Americans love choice. We can't resist having everything our way, from burgers to BMWs. Click on a few options, and voilà, we've “custom-designed” our new Trek bike—in “starry-night black” with a lovely contrasting logo in silver. Click on too many upgrades, though, and our new bicycle can cost as much as a Harley-Davidson. But hey, it's custom.
Well, not really. That bike is still a mass-produced item, assembled from an inventory of stock parts. Computers have radically changed the way almost everyone does business. And what they've changed most is our ability to make changes to almost anything, quickly and at far less cost than ever before. This has revolutionized the manufacturing industry, and it's severely—perhaps critically—conflated the concept of choice with the idea of custom. The two are not synonymous, and their confusion in the minds of the purchasing public is harming architects. Why? Because now any builder with a keyboard and a CAD program can “customize” a kit of parts for a home buyer and call the result a “custom home.”
What truly qualifies as a custom home? Houses that are designed from scratch for a particular site and a specific client's program. A real human being's program —not a hypothetical demographic profile, even if it's very narrowly defined. What doesn't qualify? An existing house plan that's been altered according to the client's wishes, a production home that's had upgrades installed, or a speculative home designed for a target buyer—no matter how “upscale.” Choice does not equal custom, but thanks to the marketing efforts of savvy builders, few home buyers understand the distinction anymore—if they ever did in the first place.

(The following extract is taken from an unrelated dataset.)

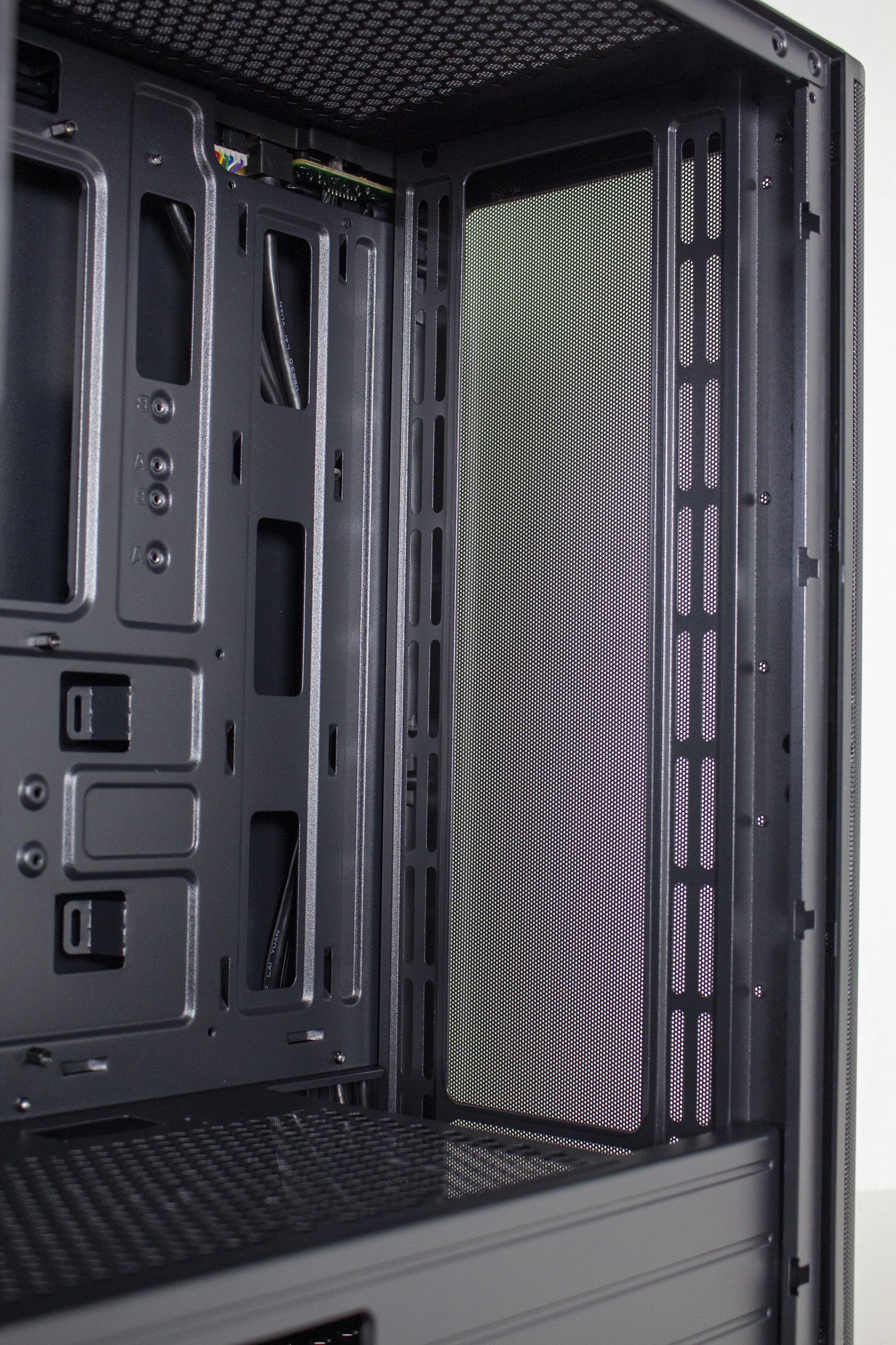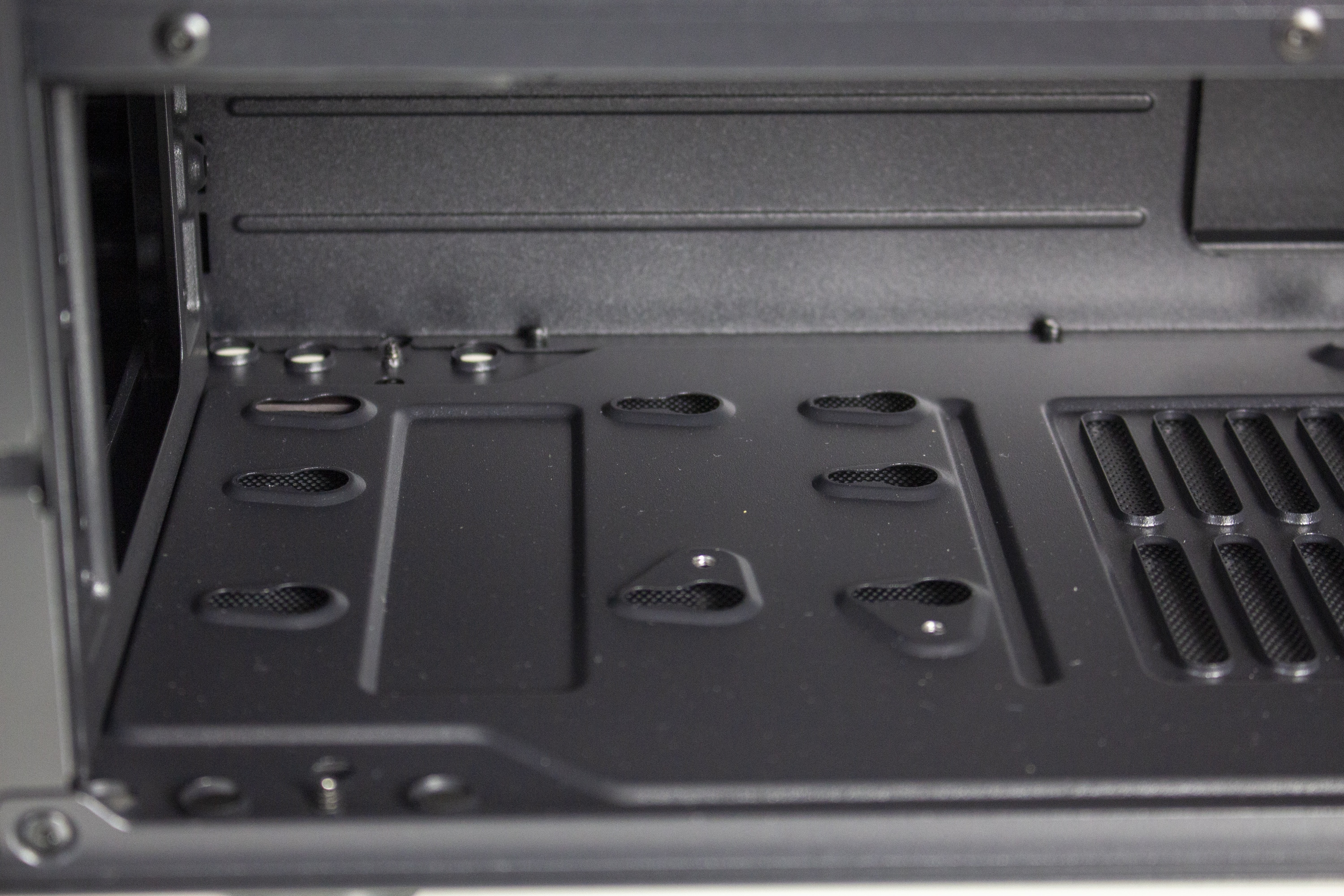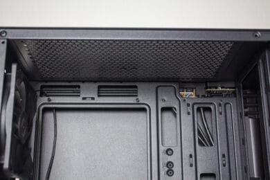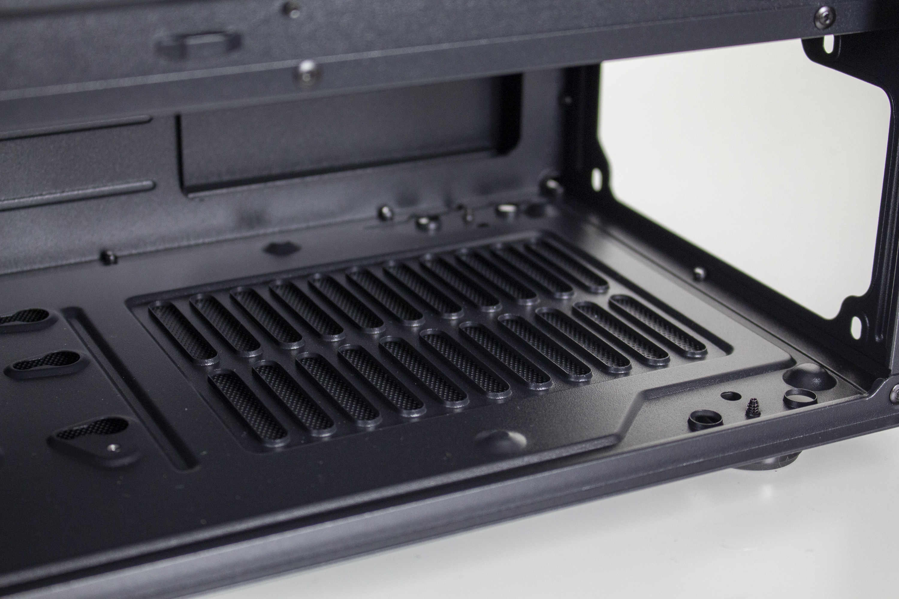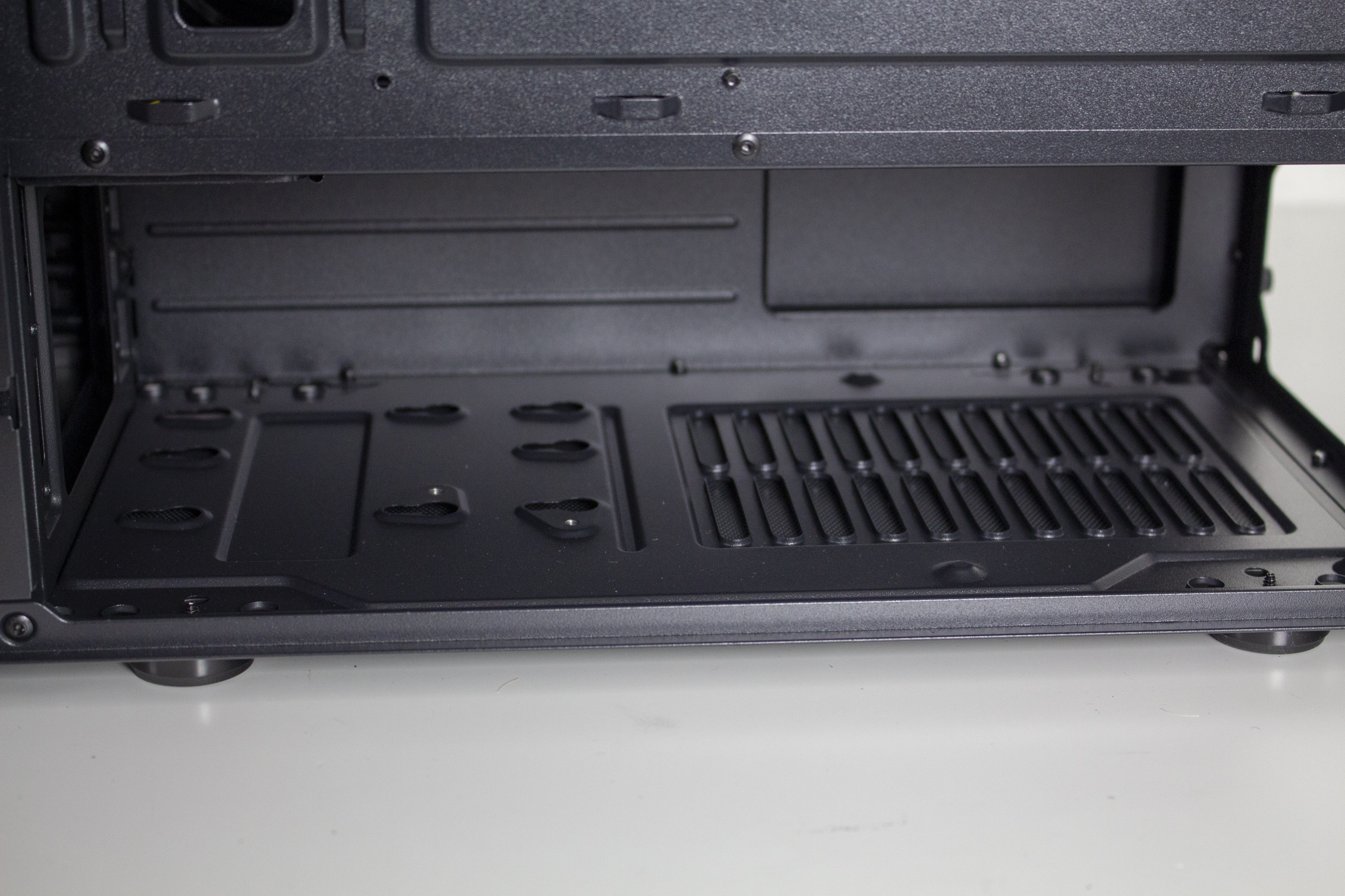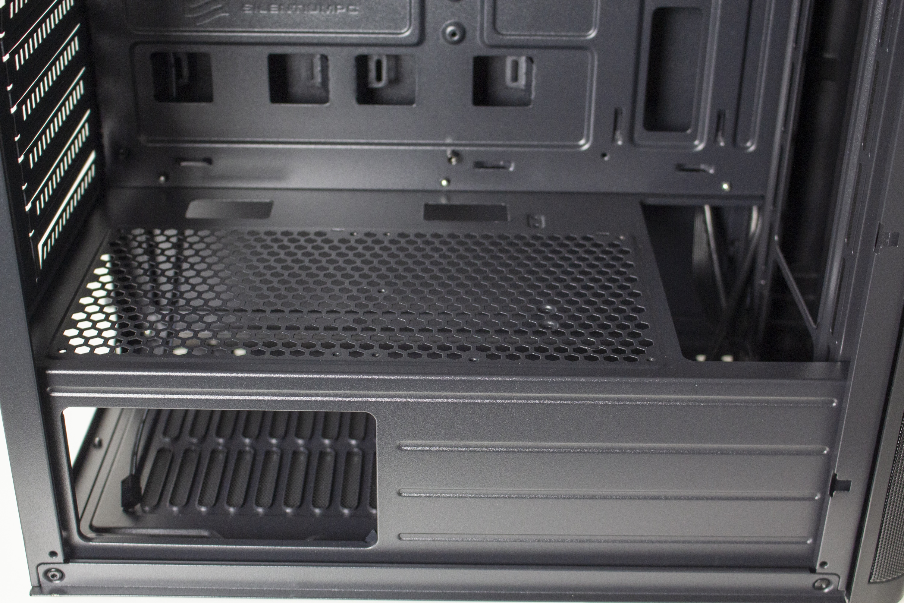 Der untere Bereich des Innenraums wird durch eine große Netzteilabdeckung vor neugierigen Blicken geschützt. Diese ist jedoch nicht ganz geschlossen und verfügt stattdessen auf der Oberseite über zwei Kabelmanagement-Öffnungen und ein großes Belüftungsgitter. Außerdem ermöglichen zwei weitere Ausschnitte den Blick auf das Typenschild des Netzteils und die Montage eine tiefen Radiators in der Front.

Given complete freedom, most custom residential architects would abandon all preconceived notions of what a house should look like each time a new commission came along. And you would never open a single specification guide for any of your projects. Instead, you'd reinvent every element yourselves, down to the hinges on a cabinet or the levers on a door. Alas, drilling the design down to the smallest detail is a privilege only a handful of the top architects have. And it's a wondrous thing to behold. Those houses are the very definition of custom.

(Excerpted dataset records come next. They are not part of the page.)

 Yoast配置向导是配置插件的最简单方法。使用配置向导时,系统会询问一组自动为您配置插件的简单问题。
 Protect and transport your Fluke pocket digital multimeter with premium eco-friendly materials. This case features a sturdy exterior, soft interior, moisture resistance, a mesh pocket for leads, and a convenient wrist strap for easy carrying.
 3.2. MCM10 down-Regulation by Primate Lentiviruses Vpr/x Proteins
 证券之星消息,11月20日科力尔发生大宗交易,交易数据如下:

Most of us must live in the off-the-rack world. We can't afford to have a taste-maker evaluate, guide, or even create every design we bring into our lives. But we do have the wherewithal to make choices, to personalize and particularize what we buy and where we live. We can choose to avail ourselves of the considerable economies and value production builders have brought to residential construction. But we shouldn't kid ourselves, if we make that choice, that we've nabbed ourselves a custom home at a great price. Even if we've had a little tailoring done to suit.

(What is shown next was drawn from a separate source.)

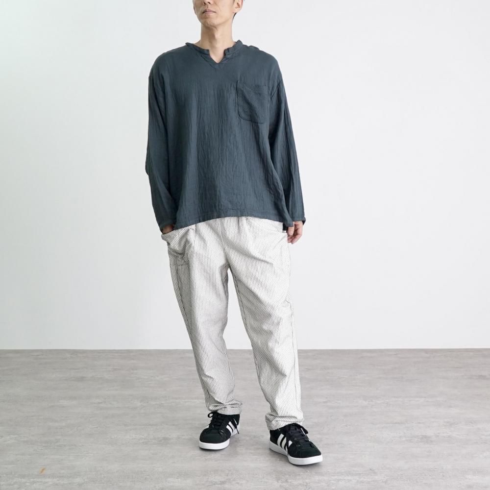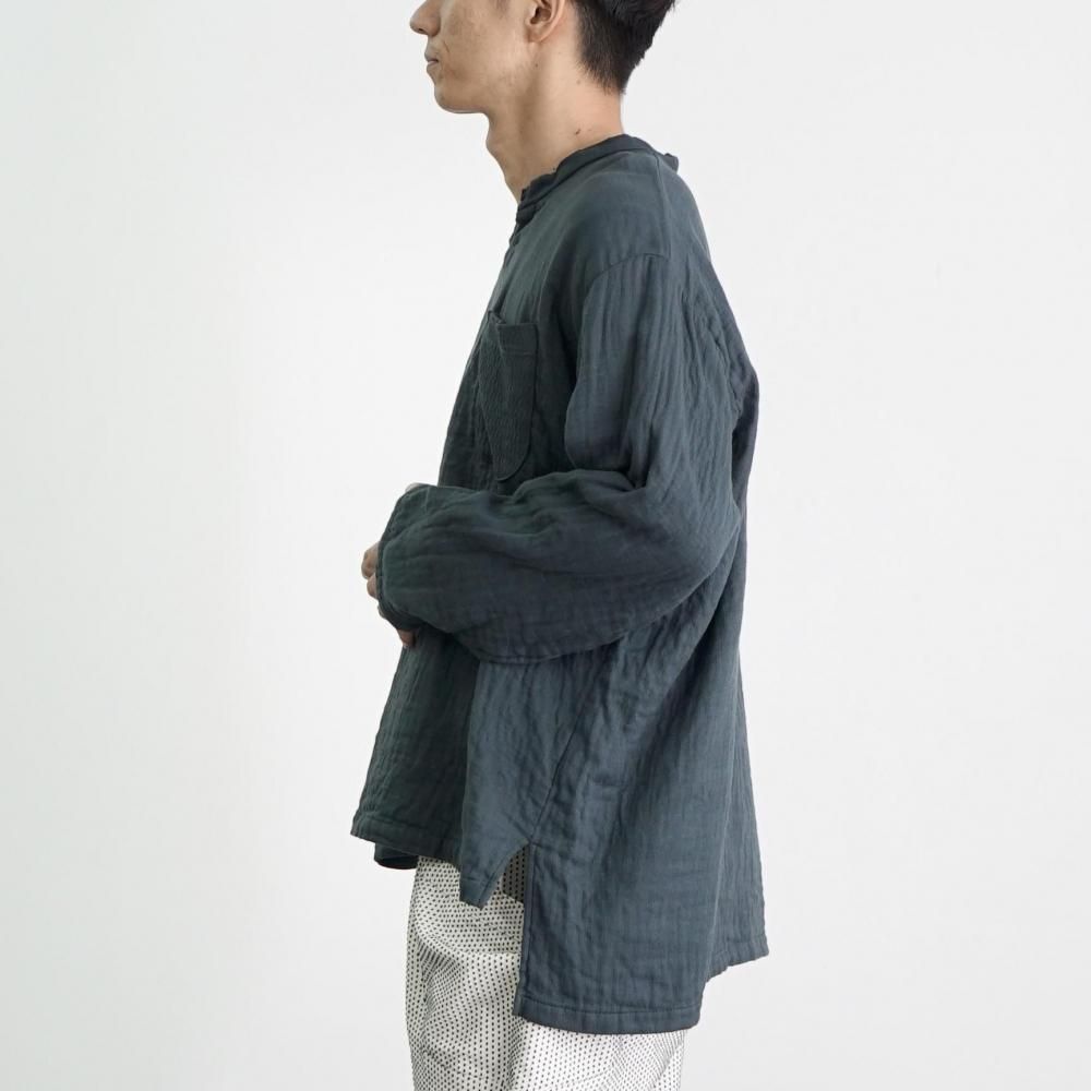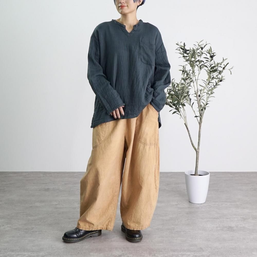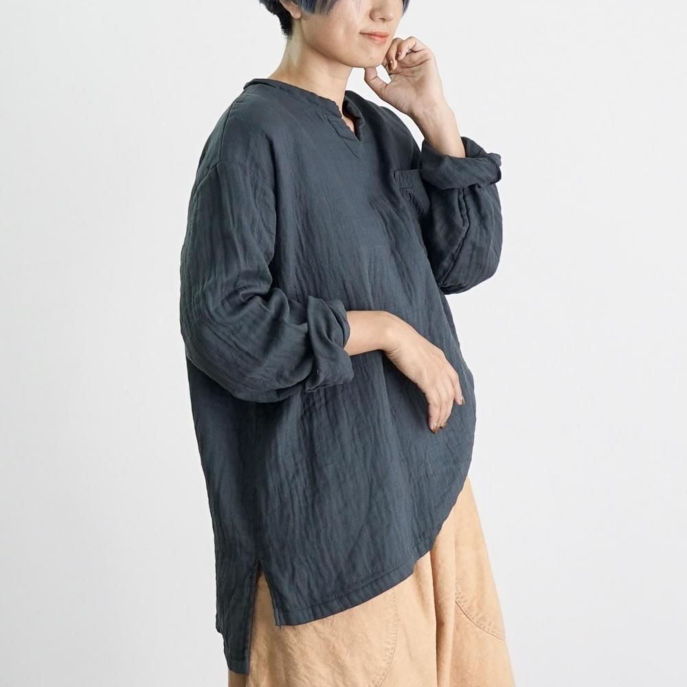 キーネックガーゼロンT甘よりポケット付/ブラック/今治産甘撚り3重ガーゼ

So how do architects fight the incursions of customizers into your rightful territory? I think, ironically, you do so by becoming experts in choice. Most of you won't have the opportunity to reinvent every component in your houses, but you can wield a catalog of options so vast, so discerning, and so imaginative that no builder of multiples could ever compete. No menu of good, better, and best for your clients. Only the best of everything, by design.